Corporate Responsibility Group
CRG Logo
Successor Institute of Corporate Responsibility and Sustainability
Founded 1987[1]
Type Not-for-profit organisation
Focus Corporate Responsibility, Sustainability
Area served
United Kingdom

History and governance[edit]

The group was founded in 1987,[2] as a not-for-profit organisation run by a volunteer board of corporate responsibility practitioners.

The Institute of Corporate Responsibility and Sustainability was created by CRG in 2014 to respond to the need for an organisation that supports the personal and professional development of individuals in CR, sustainability or related functions.[3]

Representing the profession[edit]

CRG undertakes research every few years on the state of the its profession. Its 2009 study found that 84% of corporate responsibility professionals considered the discipline to be a mainstream business issue, compared to 72% in 2006 survey.[4]

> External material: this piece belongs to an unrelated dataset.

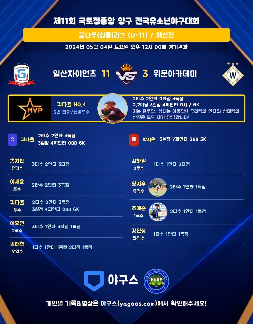 | 7 | 중 | 강민형(11) | - | 삼진 | - | - | 1 | 0 | 0 | 0 | 0 | 0 | - | 1 | 0.000 |

In 2011 the group announced that it would create a professional body for individual corporate responsibility practitioners in the UK, distinct from the group's current organisation-membership model.[5]


The group has collaborated with academia and government to produce research into the state of corporate responsibility. From 2002 to 2003 it supported the work of a UK government working group, commissioned by Stephen Timms MP, the then Minister of State for e-Commerce & Competitiveness[6] at the Department of Trade and Industry (now BIS), looking at professional skills development in the corporate responsibility sector. Its report, "Changing Manager Mindsets",[7] was published in 2003 in conjunction with Ashridge Business School.[8] In 2005 it produced a study with Ashridge Business School on the state of executive development amongst corporate responsibility professionals.[9] In 2007, a report published by the John F. Kennedy School of Government at Harvard University and Cranfield School of Management reported that the "professionalisation of the corporate responsibility and sustainability function in many companies... has also been supported by organisations such as CRG".[10]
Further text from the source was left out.